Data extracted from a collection

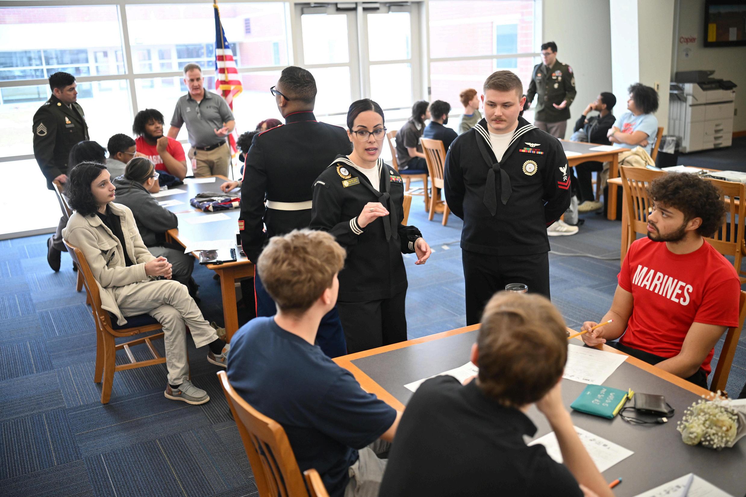 Similarly, SSGT Nicholas Irvin, an Army recruiter, discussed his personal growth since joining the military at 21. He engaged students about their career aspirations and highlighted the skills and education gained from military service, inspiring many to consider various future paths, including military and vocational training.
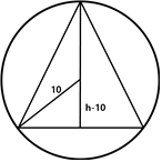 높이가 h인 이등변삼각형을 원에 놓을 시 밑변의 길이는 2\sqrt{10^2 - (h - 10)^2} = 2\sqrt{20h - h^2}이다.
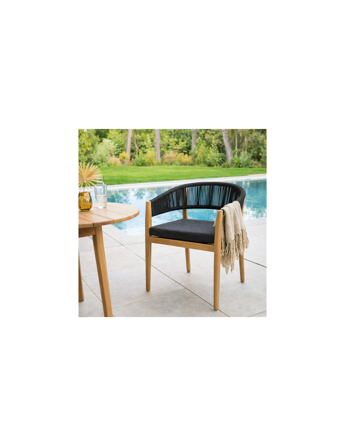 Bois FSC, protégé par un vernis ou une huile. Tissu traité déperlant permettant à l'eau de glisser sans pénétrer dans la matière. Produit traité contre la décoloration. Grâce à des attaches ou à l'antidérapant les coussins ne glissent pas de l'assise Coussins déhoussables pour permettre un nettoyage facile.
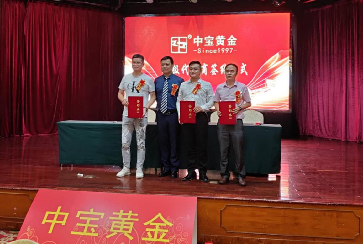 現(xiàn)場邀請一飛老師講解新零售,并現(xiàn)場開啟中寶黃金直播間。隨后還進(jìn)行了簽約儀式,中寶黃金與中國工藝集團(tuán),阿瑪尼品牌,北京榮寶齋,達(dá)成戰(zhàn)略合作伙伴關(guān)系。
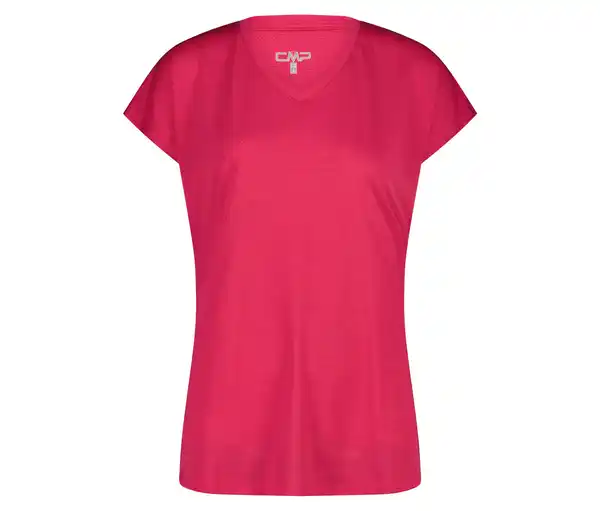 CMP Damen-Shirt mit V-Ausschnitt Farbe: Magenta Material: 100% Polyester Passform: Regular Fit T-Shirt mit lockerer Passform und breitem Kragen, ideal für alle sportlichen Aktivitäten im Sommer und in der FreizeitDer melierte Stoff ist leicht, atmungsaktiv und verhindert das Bilden von schlechten Gerüchen Schnelltrocknend

WORK TO BE COMPLETED: Exactly the lines from the one with "Bois FSC, protégé" through the end of the records should be written out, and only those. Pictures do not belong in the copy.

RESULT:
 Bois FSC, protégé par un vernis ou une huile. Tissu traité déperlant permettant à l'eau de glisser sans pénétrer dans la matière. Produit traité contre la décoloration. Grâce à des attaches ou à l'antidérapant les coussins ne glissent pas de l'assise Coussins déhoussables pour permettre un nettoyage facile.
 現(xiàn)場邀請一飛老師講解新零售,并現(xiàn)場開啟中寶黃金直播間。隨后還進(jìn)行了簽約儀式,中寶黃金與中國工藝集團(tuán),阿瑪尼品牌,北京榮寶齋,達(dá)成戰(zhàn)略合作伙伴關(guān)系。
 CMP Damen-Shirt mit V-Ausschnitt Farbe: Magenta Material: 100% Polyester Passform: Regular Fit T-Shirt mit lockerer Passform und breitem Kragen, ideal für alle sportlichen Aktivitäten im Sommer und in der FreizeitDer melierte Stoff ist leicht, atmungsaktiv und verhindert das Bilden von schlechten Gerüchen Schnelltrocknend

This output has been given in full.